The technical floor: the rate at which, in expectation, you are pricing below cost. The optimiser in insurance-optimise enforces this explicitly via ConstraintConfig(technical_floor=True) — it prevents multipliers from falling below 1.0 (price below technical price). But technical floors are only as good as the underlying technical price, and in a prolonged soft market the technical price itself may be stale.

The cycle floor: the macroeconomic turning point at which adverse development pressure, competitor exhaustion, and mix deterioration combine to start pushing loss ratios back up. This is what this post is about — and it happens 3 to 6 months before any aggregate loss ratio confirms it.

The gap between the two is why monitoring matters. You may still be pricing above your technical price whilst the cycle has already turned.

Leading indicator 1: New business mix shift

The first sign of floor proximity is not a claims signal — it is a volume signal. When you are in a competitive soft market, the cheapest carriers are writing a disproportionate share of new business. As those carriers approach or breach their technical floors, they start to hesitate. The mix of new business across the market begins to shift toward risks that had been declined or declined-and-shopped.

The operational signal is PSI on your new business incoming risk profile versus the stable risk profile from 18 to 24 months ago. A PSI below 0.10 is normal background noise. PSI between 0.10 and 0.25 warrants investigation. PSI above 0.25 means your new business book looks materially different from the cohort your pricing model was calibrated on — and the direction of the shift matters as much as the magnitude.

import polars as pl
from insurance_monitoring.drift import psi

# nb_current: new business written in last 3 months
# nb_reference: new business written 18-24 months ago
# Both DataFrames have columns: driver_age, vehicle_age, ncd_years,
#   annual_mileage, area_code, vehicle_group

nb_reference = pl.read_parquet("nb_reference_2024q2.parquet")
nb_current = pl.read_parquet("nb_current_2025q4.parquet")

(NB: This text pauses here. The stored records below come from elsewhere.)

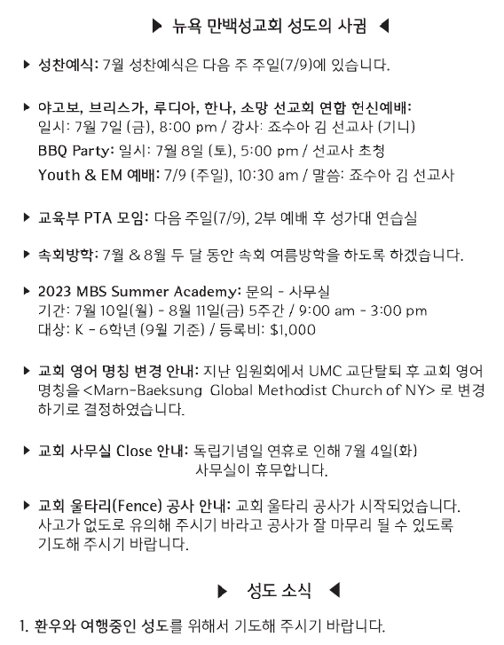 [교회소식] 2023년 7월 2일 뉴욕 만백성교회 성도의 사귐
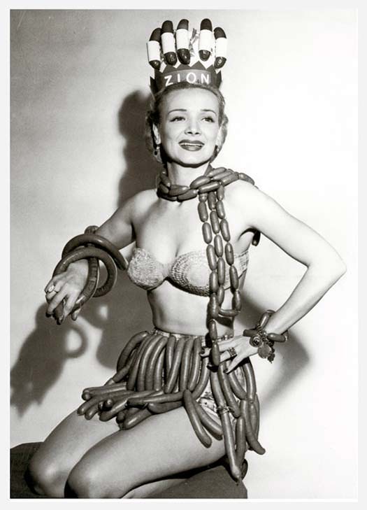 Geene Courtney, Queen of National Hot Dog Week 1955, a pageant sponsored by (shocker) the Zion Meat Company
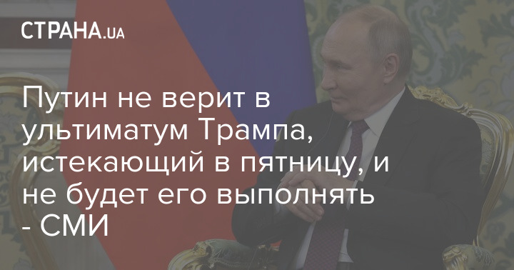 Президент РФ Володимир Путін не вірить у ультиматум голови Білого дому Дональда Трампа, який закінчується у п'ятницю, і не має наміру його виконувати.
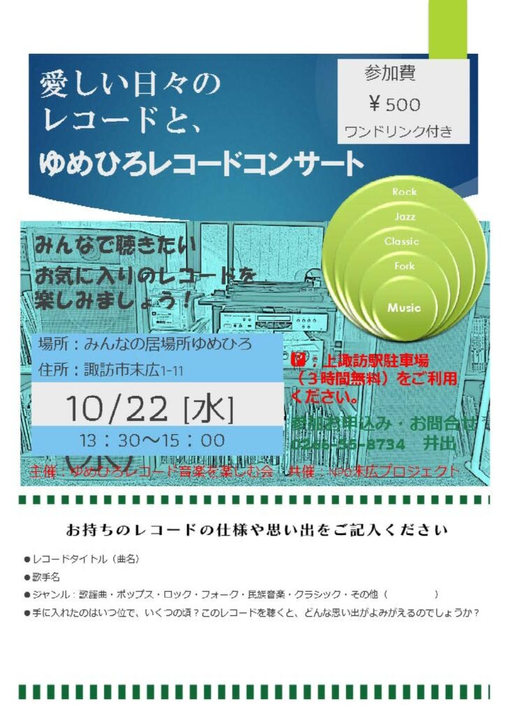 22日(水)、ゆめひろレコードコンサートを開催します。詳しくはちらしでご確認ください。

# Exposure-weighted PSI on driver age
# Use earned_car_years as the weight — a one-month policy should not
# dilute the signal from an annual policy
psi_age = psi(
    reference=nb_reference["driver_age"],
    current=nb_current["driver_age"],
    n_bins=10,
    exposure_weights=nb_current["earned_car_years"],
    reference_exposure=nb_reference["earned_car_years"],
)

print(f"PSI driver_age (NB vs 18mo reference): {psi_age:.3f}")
# PSI 0.08 → green, normal background noise
# PSI 0.19 → amber, investigate: are we writing younger drivers than before?
# PSI 0.31 → red, significant shift: model calibration at risk

The segment that typically moves first is young drivers (under 25) and recently-passed (NCD 0-1). When competitors at the floor start pulling back, the young driver book concentrates at carriers still offering competitive rates. If your PSI on the under-25 sub-book starts moving amber whilst the whole-book PSI is still green, that is the early warning.

The right complement to PSI here is wasserstein_distance on the annual mileage distribution — it gives you a number in the original units (“average declared mileage has shifted by 1,200 miles per annum”) which communicates more directly to underwriters than a dimensionless index.

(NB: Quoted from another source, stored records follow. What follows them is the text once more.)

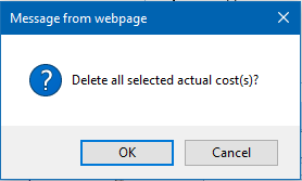 Delete Actual Costs Button - This button removes all selected actual costs from the requisition. It does not delete the original actual cost record - it frees them up to be re-linked to this requisition or another one. Clicking this button opens a confirmation dialog:
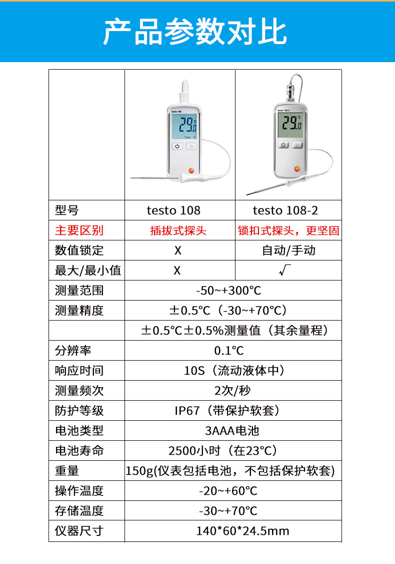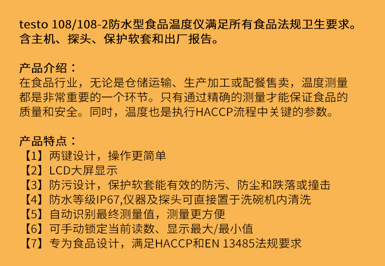 德图testo 108-2食品温度计防水型食品中心温度计食物探针测温仪
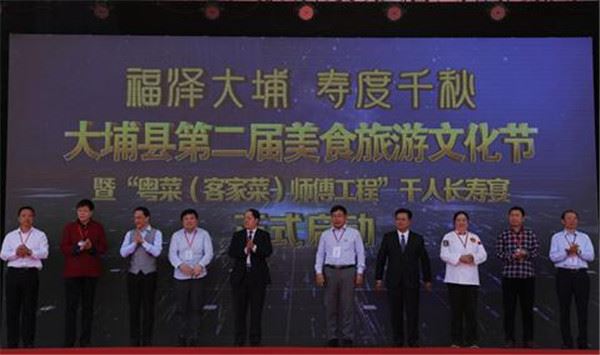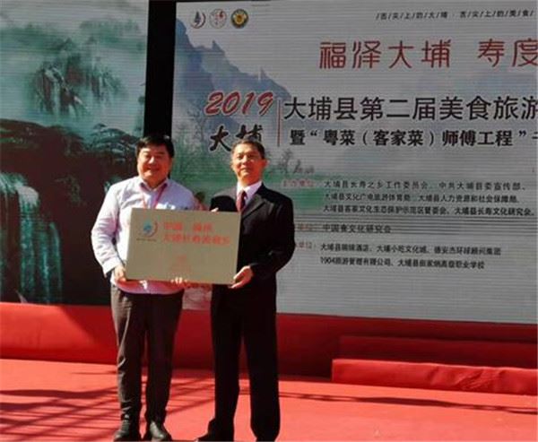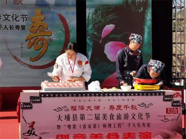 11月23日上午,大埔县第二届美食旅游文化节暨“粤菜(客家菜)师傅工程”千人长寿宴在广东省梅州市大埔县西湖公园万人广场盛装启幕。活动现场,中国食文化研究会授予大埔“中国•梅州大埔长寿美食乡”称号,授予大埔县瑞锦酒店“中国食文化研究会客家菜(大埔小吃)研究培训基地”的荣誉称号。同时,举行了“中国首个客家菜研究培训基地”颁发仪式。此外,来自珠三角、港澳地区的游客与美食专家、民间美食达人等千余人一起品尝了大埔的长寿美食。

Leading indicator 2: Segment A/E patterns before they hit aggregate

The aggregate A/E ratio is a lagging indicator. Claims from an accident year do not fully develop for 12 to 18 months in UK motor (longer for injury-heavy cohorts), so the aggregate A/E you are monitoring today is describing what happened 12 months ago, not what is happening now.

Segment-level A/E tells you more, faster — because high-frequency, low-severity segments (minor property damage, windscreen) develop quickly and show A/E deterioration within 6 to 9 months of underwriting. If windscreen A/E is rising whilst the overall book A/E is flat, that is not necessarily a pricing problem — but if third-party property damage A/E is rising in the young driver segment, that is both a pricing signal and a frequency signal.

from insurance_monitoring.calibration import ae_ratio
import numpy as np

# claims: actual claim counts, 2024 accident year at 12mo development
# freq_pred: model predicted frequency (claims per car-year)
# exposure: earned car-years
# age_band: ["<25", "25-39", "40-54", "55-69", "70+"]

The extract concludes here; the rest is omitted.